[Focus] Film makers write to Brussels over digital rights reform
HELENA SPONGENBERG
08.11.2006 @ 09:19 CET
EUOBSERVER / BRUSSELS - Some of Europe's most acclaimed film directors have come together to warn the European Commission against ending private copy levies - a system that impose a charge on all sales of computers or other equipment that can be used to make unlicensed private copies of their work.
The letter was signed by the cream of European film making talent (Photo: Notat)
Pedro Almodovar, Jean-Pierre and Luc Dardenne, Costa Gavras, Nanni Moretti, Mike Leigh, Ken Loach and Lars von Trier on Tuesday (6 November) sent a joint open letter to the commission expressing their "wholehearted support to the principle of compensation for the private copying of audio and audiovisual works."
"Creators should have the right to be fairly compensated for their work when the latter is being reproduced. While consumers have the ability to copy films, film directors should be able to exercise their right to perceive a compensation for such usage," the letter said.
The compensation scheme is in use in 20 of the EU's 25 member states but the EU executive is preparing a fresh recommendation - due in November - on whether to reform a 2001 copyright directive, with early drafts of the recommendation hostile to the levy system.
"Our only assets as creators are the rights granted to us as authors of intellectual property works. Therefore questioning this right to compensation for private reproduction is a frontal attack on our 'droit d'auteur' or copyright," the film makers said.
The information and communication technology (ICT) industry, which produces the wide-ranging products that manages artists' creative works - such as DVD recorders and MP3 players, argues that advances in digital rights management (DRM) technology have made levies obsolete.
DRM systems encrypt digital products so that they can only be copied a limited number of times for private use limiting the scope for piracy and widespread file sharing among consumers, with the levies taking a €1.6 billion a year bite out of the industry according to software lobby BSA.

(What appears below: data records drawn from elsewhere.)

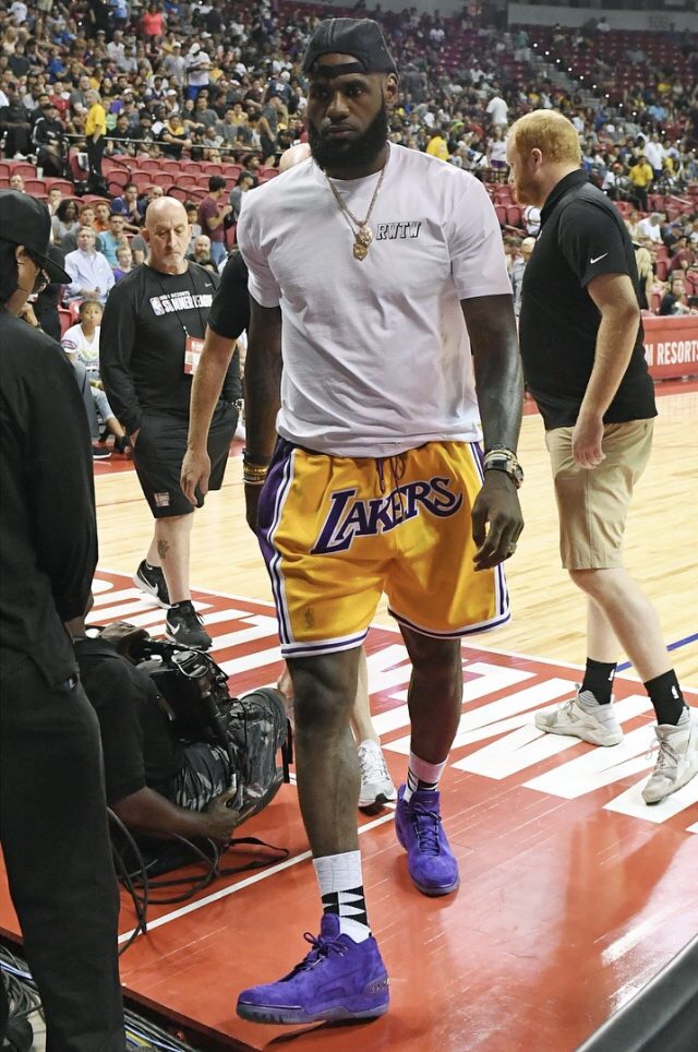 Most of us made fun of Jona Hill this summer when he was spotted rocking a blank Phoenix Suns jersey tucked into his dress pants but few people knew he was wearing a Just Don design. The best piece of the collection was spotted earlier in the summer in Las Vegas at the NBAs summer league when LeBron James sported these Muay Thai inspired Lakers shorts. (Pairing them with the all purple Zoom Generations didn’t hurt)
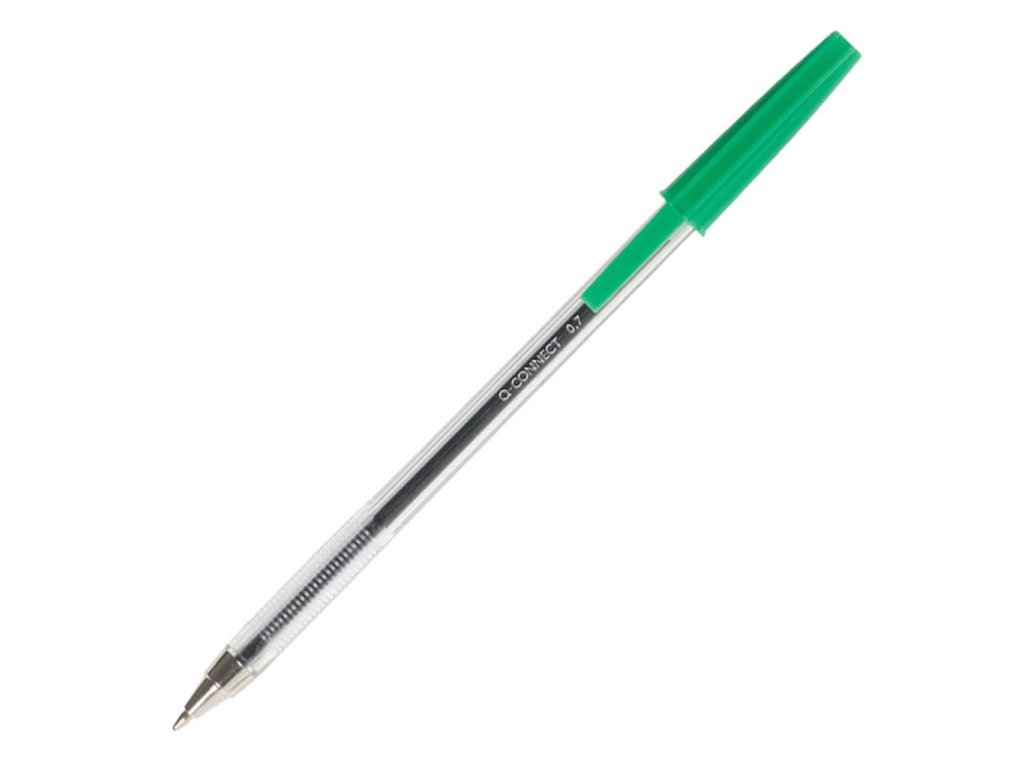 Jednorazové guľôčkové pero s priehľadným telom a viditeľnou farbou atramentu. Guľôčka 1 mm, širka stopy 0,7 mm. Väčšie balenie 20 ks v jednej farbe. Farba náplne zelená.
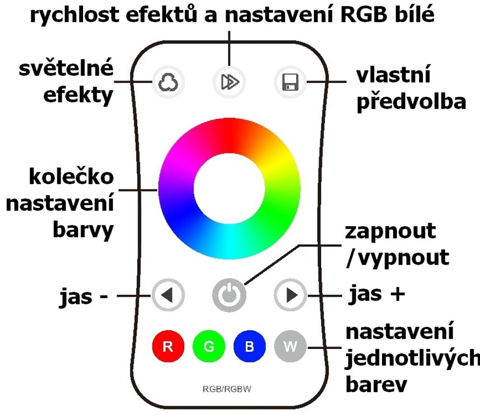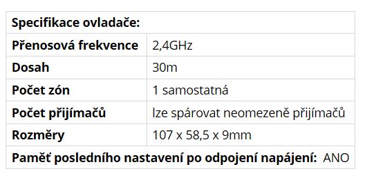 Dálkový ovladač dimLED OVS RGBW 1KR je bezdrátový radiofrekvenční ovládací systém, jednoho ovladače a několik přijímačů. S jedním ovladačem lze ovládat 1 zónu, která se může skládat z několika přijímačů. Tyto přijímače se po sehrání s ovladačem ovládají jako jedna sekce. Ovladač lze použít pro RGB pásky s přijímačem RGB nebo pro RGBW pásky s RGBW přijímačem. Přijímač může být ukrytý (za zdí, sádrokartónem či ve skříni), není nutná přímá viditelnost přijímače pro ovladač. Vlastnosti a výhody systému dimLED: Stmívání je stabilní a spolehlivé, dosah ovladače ? 30M. Stmívání v rozmezí 0-100%, 256 úrovní stmívání, stmívání měkké, bez blikání. Při zapnutí dojde k pozvolnému rozsvícení, při vypnutí dojde k pozvolnému setmění.

But the film directors argue they "fail to see how DRM will be a substitute to this right, whose implementation is worth €560 million a year to the creative industries in Europe" and added that the numbers put forward by the ICT industry are "inaccurate."

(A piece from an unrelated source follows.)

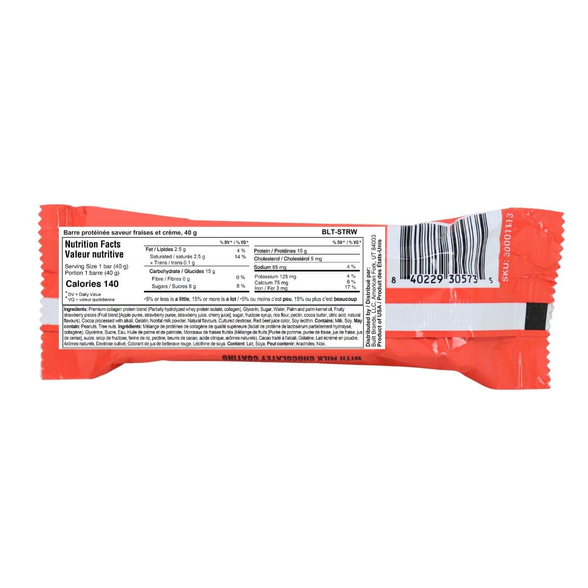 Premium collagen protein blend (Partially hydrolyzed whey protein isolate, collagen), Glycerin, Sugar, Water, Palm and palm kernel oil, Fruity strawberry pieces (Fruit blend [Apple puree, strawberry puree, strawberry juice, cherry juice], sugar, fructose syrup, rice flour, pectin, cocoa butter, citric acid, natural flavours), Cocoa processed with alkali, Gelatin, Nonfat milk powder, Natural flavours, Cultured dextrose, Red beet juice color, Soy lecithin.

"Our craft is to write and direct movies [but] it is becoming harder to finance European stories," the letter stated, with all of the signatories having won prestigious international film prizes such as the Cannes Palme d'Or price or the Oscar or both for their work.
"Creators provide most of the material which consumers want to copy. Without this content, consumers would only be able to make copies of their own work. As a result, the attraction of consumer electronics to store or copy would be much weaker. We believe, therefore, that it is fair that content creators receive compensation for private copying," they say.
The film directors also called on the market-driven Barroso commission to "take culture and creativity into account when developing policies" with some 10 percent of the levy income channelled to cultural diversity projects around the EU.
Speaking on broad trends in the digital market place in October, single market commissioner Charlie McCreevy said "some people have looked at what we are doing with suspicion. They fear that change will lead to the devaluing of creative work and that it will undermine Europe's cultural diversity."
But the commissioner - whose department is responsible for the levy reform - added that "Technology is changing every aspect of our world, including how music is created and circulated. It is happening, whether we like it or not. The choice was never about standing still. It was about keeping up or falling behind."